Task: Nothing but the lines from the one holding "[(One Bag Fits" through the last line of the material below should be set down, exactly and without images.
***** Study material
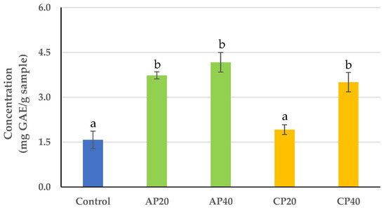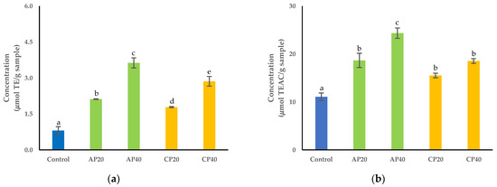 The TPC was evaluated on the ethanolic extracts of crackers, as shown in Figure 11. The TPC found in all the crackers’ formulation was significantly different (p > 0.05) when compared to the control crackers (1.2 mg GAE g−1), except for the CP20 formulation, showing a TPC similar to the one found in the control. This might be due to the lower TPC and antioxidant activity found in the carrot pomace flour used in the preparation [62]. When increasing pomace flour content from 20 to 40% the TPC significantly increased from 3.7 to 4.2 mg GAE g−1 (p < 0.05) when using apple pomace flour and from 1.9 to 3.5 mg GAE g−1 when using carrot pomace flour.
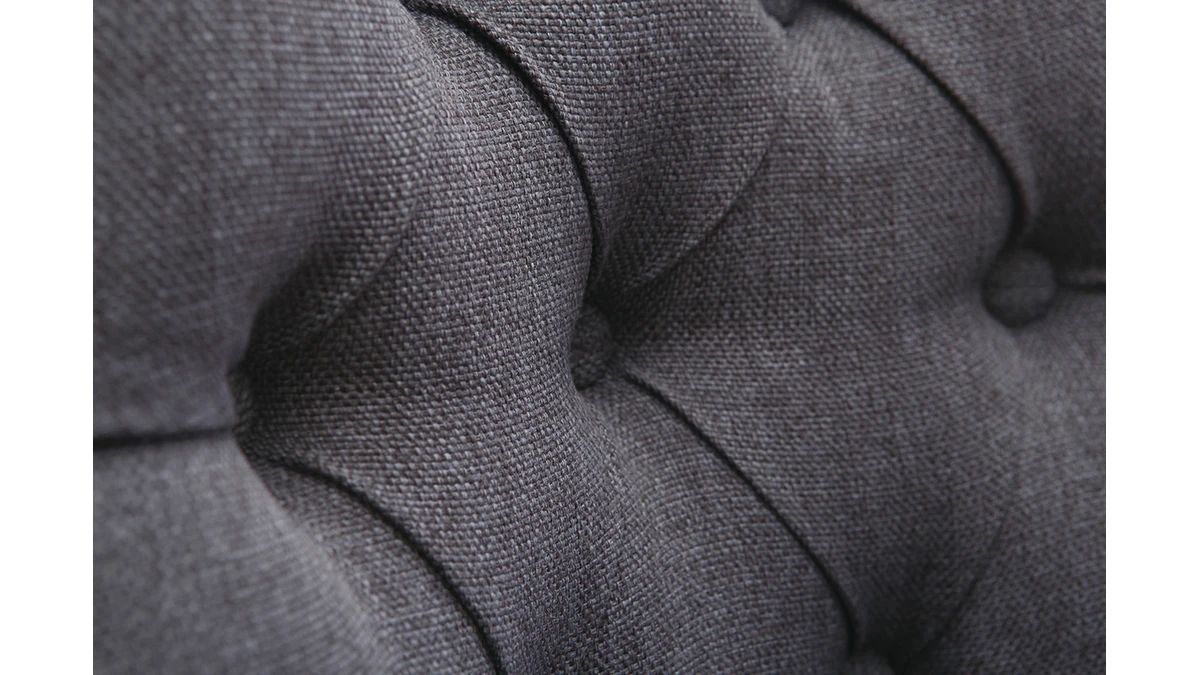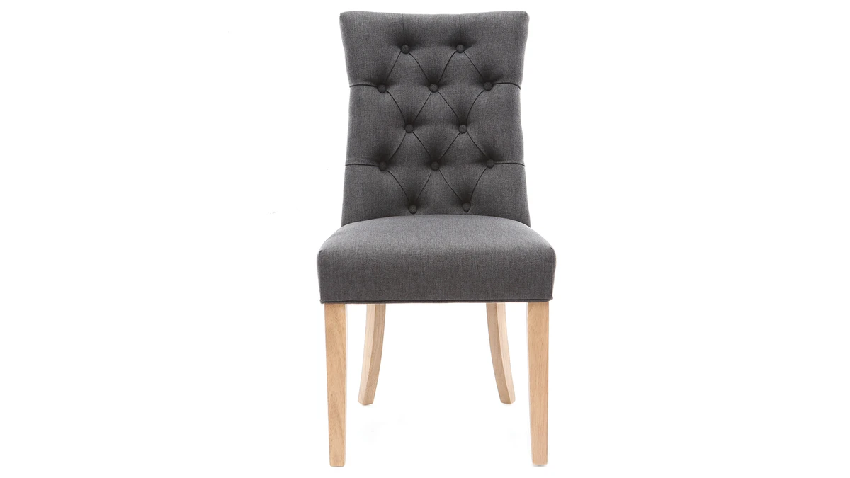Sans artifice, elle possède beaucoup d’élégance grâce à un grand dossier capitonné et des pieds en bois massif. Très agréable au toucher, son revêtement en tissu (100% polyester) coloris gris foncé apportera une touche sobre et élégante à votre pièce de vie. Son dossier épouse parfaitement les courbes du dos pour un excellent maintien. Ses pieds, à l’arrière, sont inclinés et arrondis pour donner une touche unique à ces chaises tout en volumes !
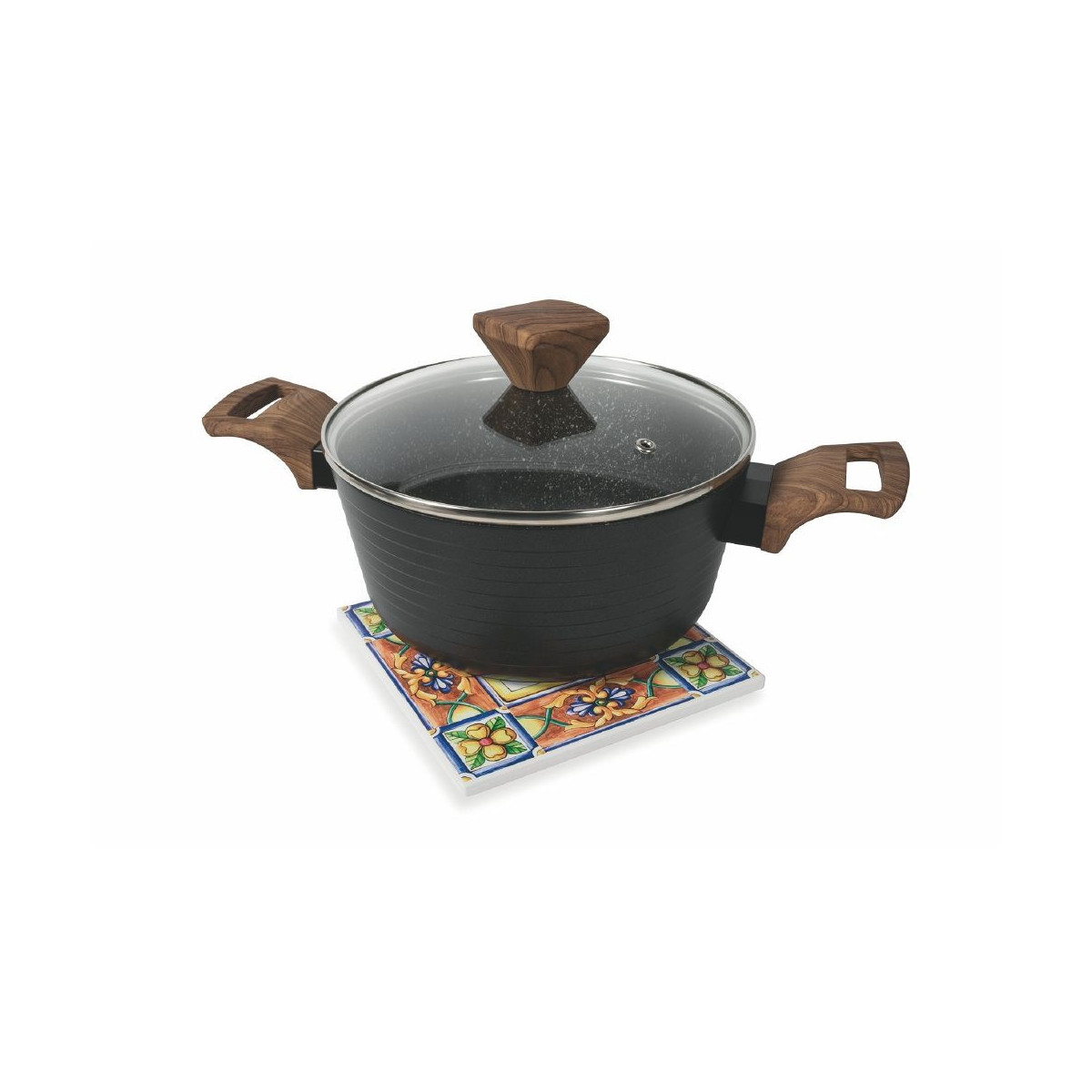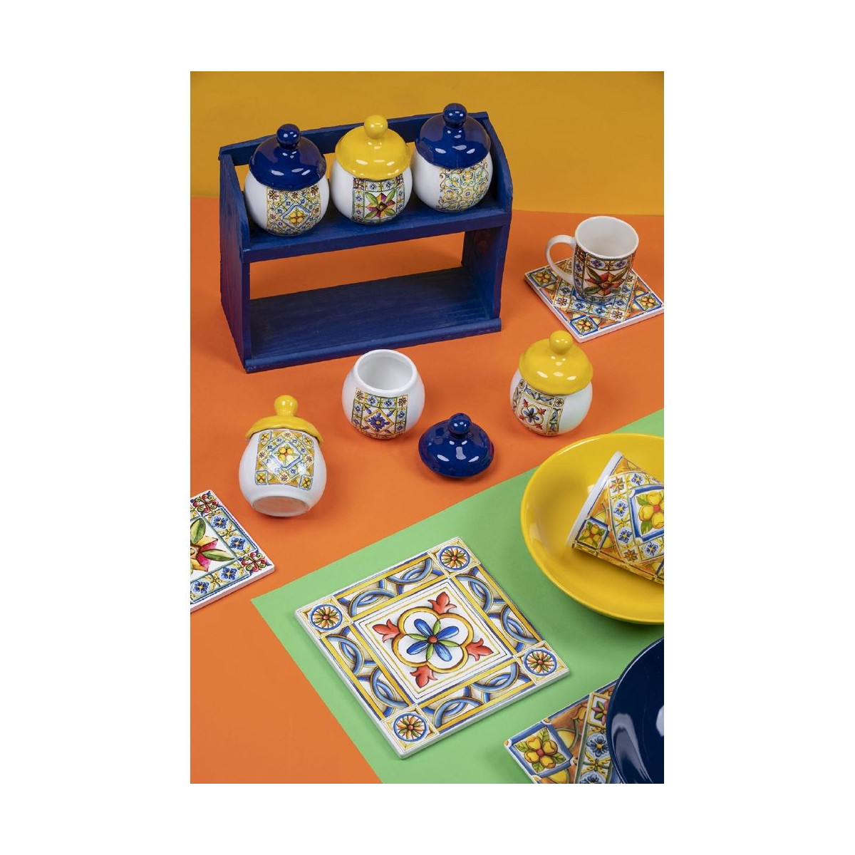 Realizzati in forme originali, arricchiti da fantasie geometriche e astratte, sempre coloratissime, arrivano fino alla tavola e si fanno notare immediatamente, mentre il fondo in sughero termoisolante protegge le superfici dal calore.
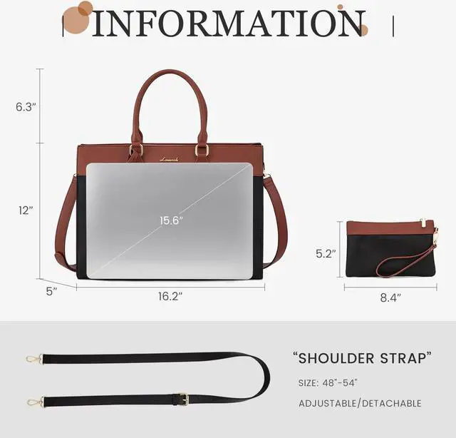 [(One Bag Fits All Occasion)] This computer bag for women comes with adjustable and detachable shoulder straps and can function as a handbag, shoulder bag, or crossbody bag, making it suitable for work, business tri
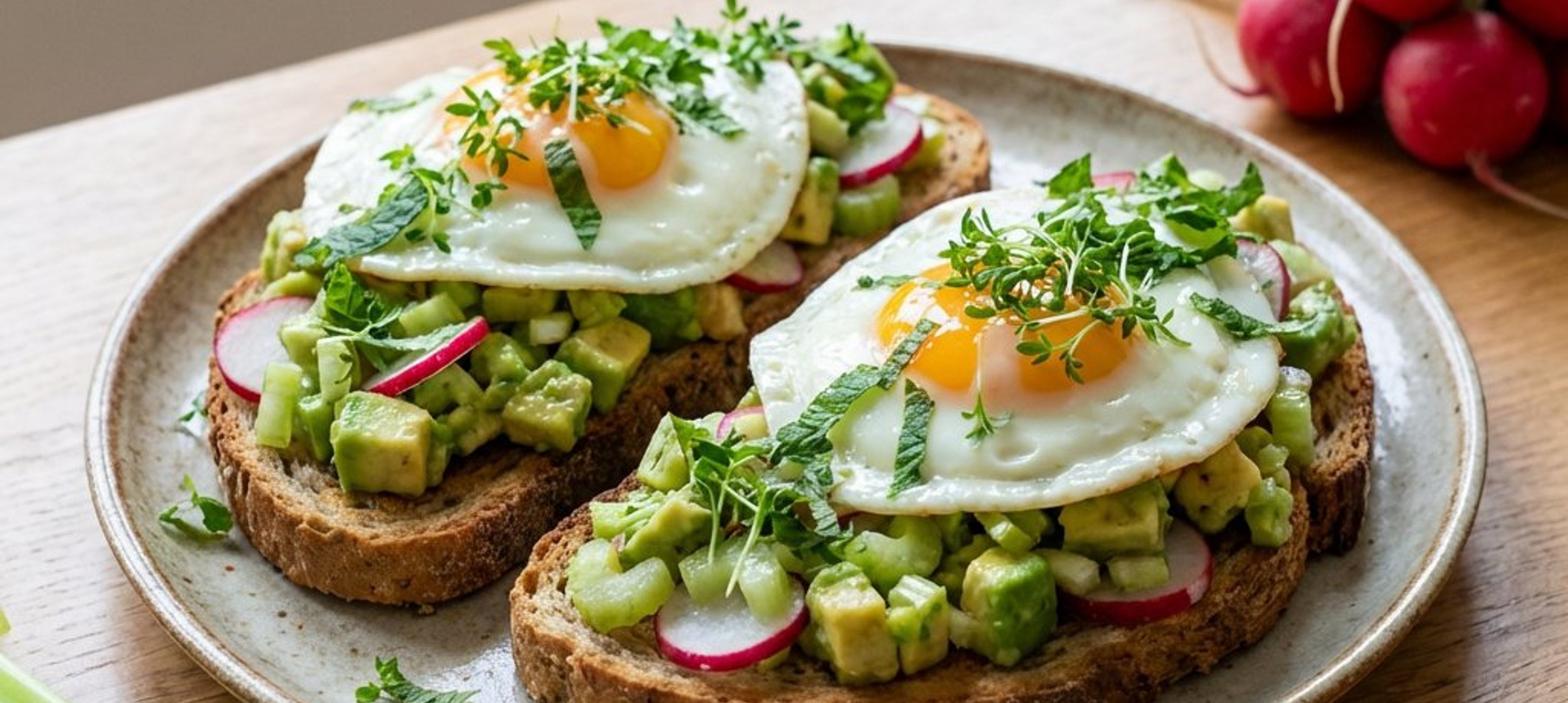 - 4Die Vollkornbrotscheiben in einer Pfanne oder im Toaster goldbraun rösten. Die Avocado-Mischung großzügig auf dem warmen Brot verteilen, das Spiegelei darauf betten und mit frischer Gartenkresse garniert servieren.
**********
Task output:
 [(One Bag Fits All Occasion)] This computer bag for women comes with adjustable and detachable shoulder straps and can function as a handbag, shoulder bag, or crossbody bag, making it suitable for work, business tri
 - 4Die Vollkornbrotscheiben in einer Pfanne oder im Toaster goldbraun rösten. Die Avocado-Mischung großzügig auf dem warmen Brot verteilen, das Spiegelei darauf betten und mit frischer Gartenkresse garniert servieren.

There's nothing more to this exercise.